如果数据集包含缺失值,请参考以下链接,帮助您进行数据清洗:
尽管有些功能是无用的,并且会妨碍我们的模型。这些是:
UTC
- 它仅指示实验进行的时间,因此不会影响结果。Unnamed :0
- 这只是索引。CNT
- 这是计数(类似于索引)。由于这些属性是无用的,我们将删除它们。
del_features = ['Unnamed: 0','UTC','CNT']
for feature in del_features:
data = data.drop(feature,axis = 1)
data.head()
删除不需要的功能(来源:作者)
62360
16
UTC
Unnamed 0:
CNT
13
810680
sns.set_style("whitegrid")
sns.histplot(data['Fire Alarm'])
Histogram of Frequency (Source: Author)
plt.figure(figsize = (6,6))
sns.kdeplot(data = data,x = 'TVOC[ppb]')
Probability Density Function (Source: Author)
plt.figure(figsize = (12,12))
sns.heatmap(data.corr(),annot = True,cmap = 'GnBu')
热图(来源:作者)
>=0.65
Pressure
Humidity
PM's
NC's
TVOC
PM's
NC's
TVOC
PM's
NC's
X = data.copy()
X.drop('Fire Alarm',axis = 1,inplace = True)
y = data['Fire Alarm']
X_train, X_test, y_train, y_test = train_test_split(X, y, test_size=0.2,random_state=0)
ss = StandardScaler()
X_train = ss.fit_transform(X_train)
X_test = ss.transform(X_test)
models = [KNeighborsClassifier(),SGDClassifier(),LogisticRegression(),RandomForestClassifier(),
GradientBoostingClassifier(),AdaBoostClassifier(),BaggingClassifier(),
SVC(),GaussianNB(),DummyClassifier(),ExtraTreeClassifier()]
Name = []
Accuracy = []
Time_Taken = []
for model in models:
Name.append(type(model).__name__)
begin = time.time()
model.fit(X_train,y_train)
prediction = model.predict(X_test)
end = time.time()
accuracyScore = accuracy_score(prediction,y_test)
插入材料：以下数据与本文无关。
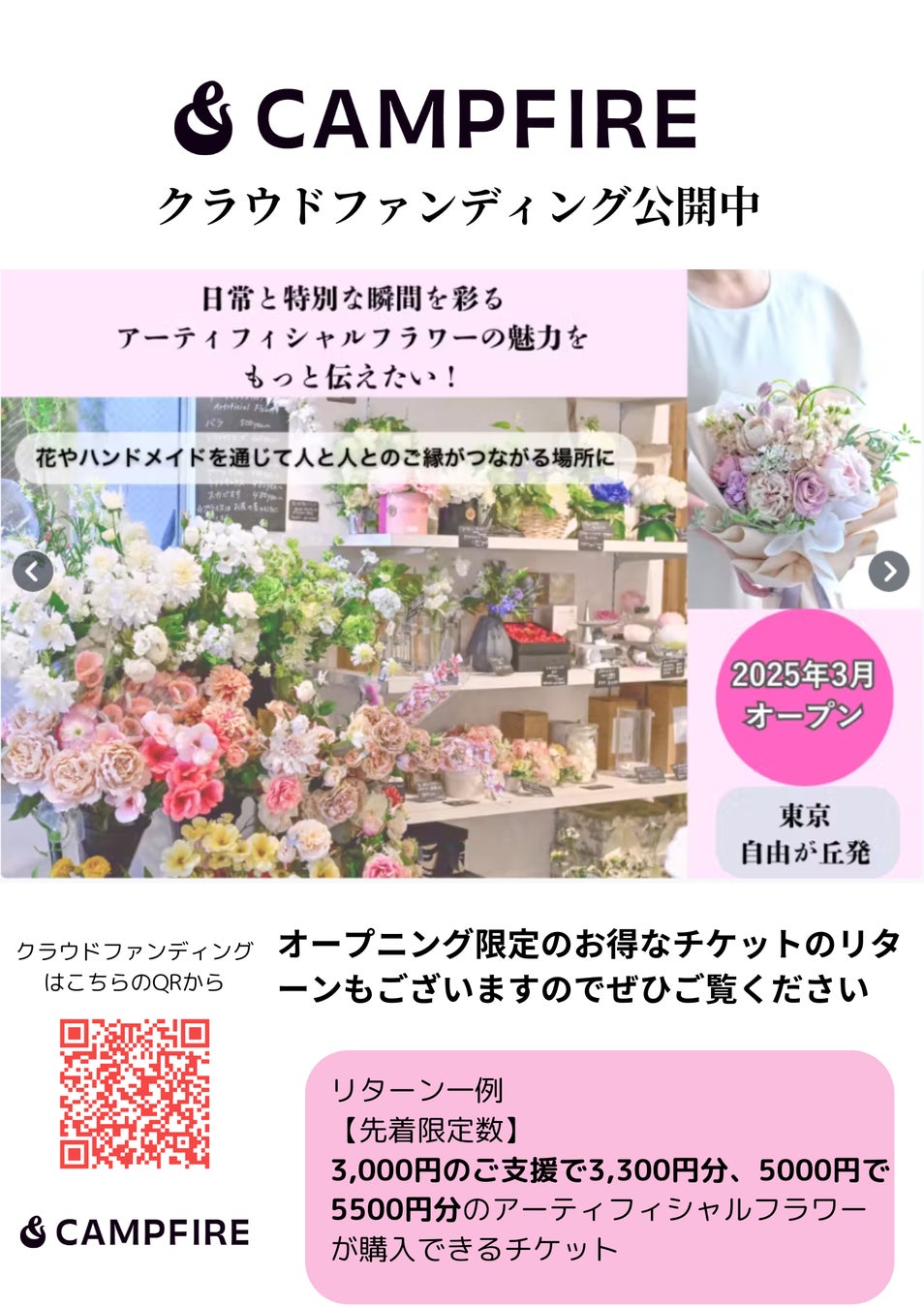 これからも、より多くの方にアーティフィシャルフラワーの美しさと楽しさをお届けしたいという想いから、自由が丘に新店舗をオープンいたします。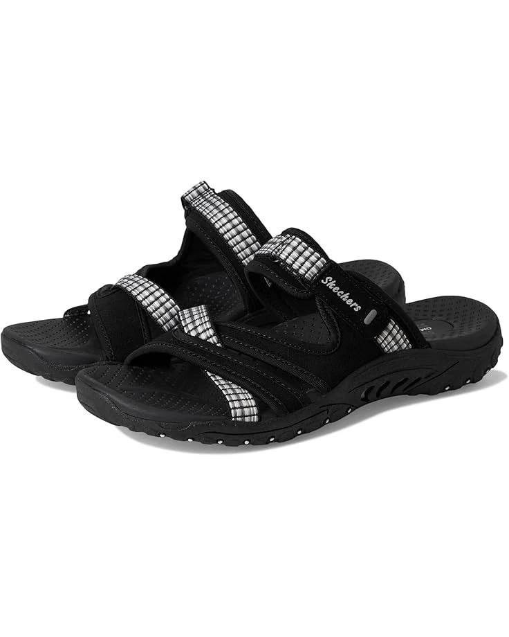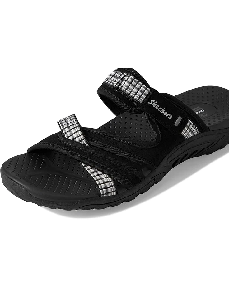- Take every step forward with improved comfort and functionality wearing SKECHERS® Reggae – Color-Full Sandals. The slip-on style strappy sandal features a soft suede and webbing fabric upper with ombre fade, an instep hook-and-loop closure, leather lining, ethylene-vinyl acetate insole, and a lightweight & flexible supportive Reggae midsole.

Accuracy.append(accuracyScore)
Time_Taken.append(end-begin)
Dict = {'Name':Name,'Accuracy':Accuracy,'Time Taken':Time_Taken}
model_df = pd.DataFrame(Dict)
model_df
Accuracy and Time Taken (Source: Author)
model_df.sort_values(by = 'Accuracy',ascending = False,inplace = True)
fig = px.line(model_df, x="Name", y="Accuracy", title='Accuracy VS Model')
fig.show()
Accuracy Vs Model (Source: Author)
model_df.sort_values(by = 'Time Taken',ascending = False,inplace = True)
fig = px.line(model_df, x="Name", y="Time Taken", title='Time Taken VS Model')
fig.show()
所用时间与模型(来源:作者)
作为上述分析的结果,我们可以看到ExtraTreeClassifier需要更少的训练和执行时间,并提供最高级别的准确性。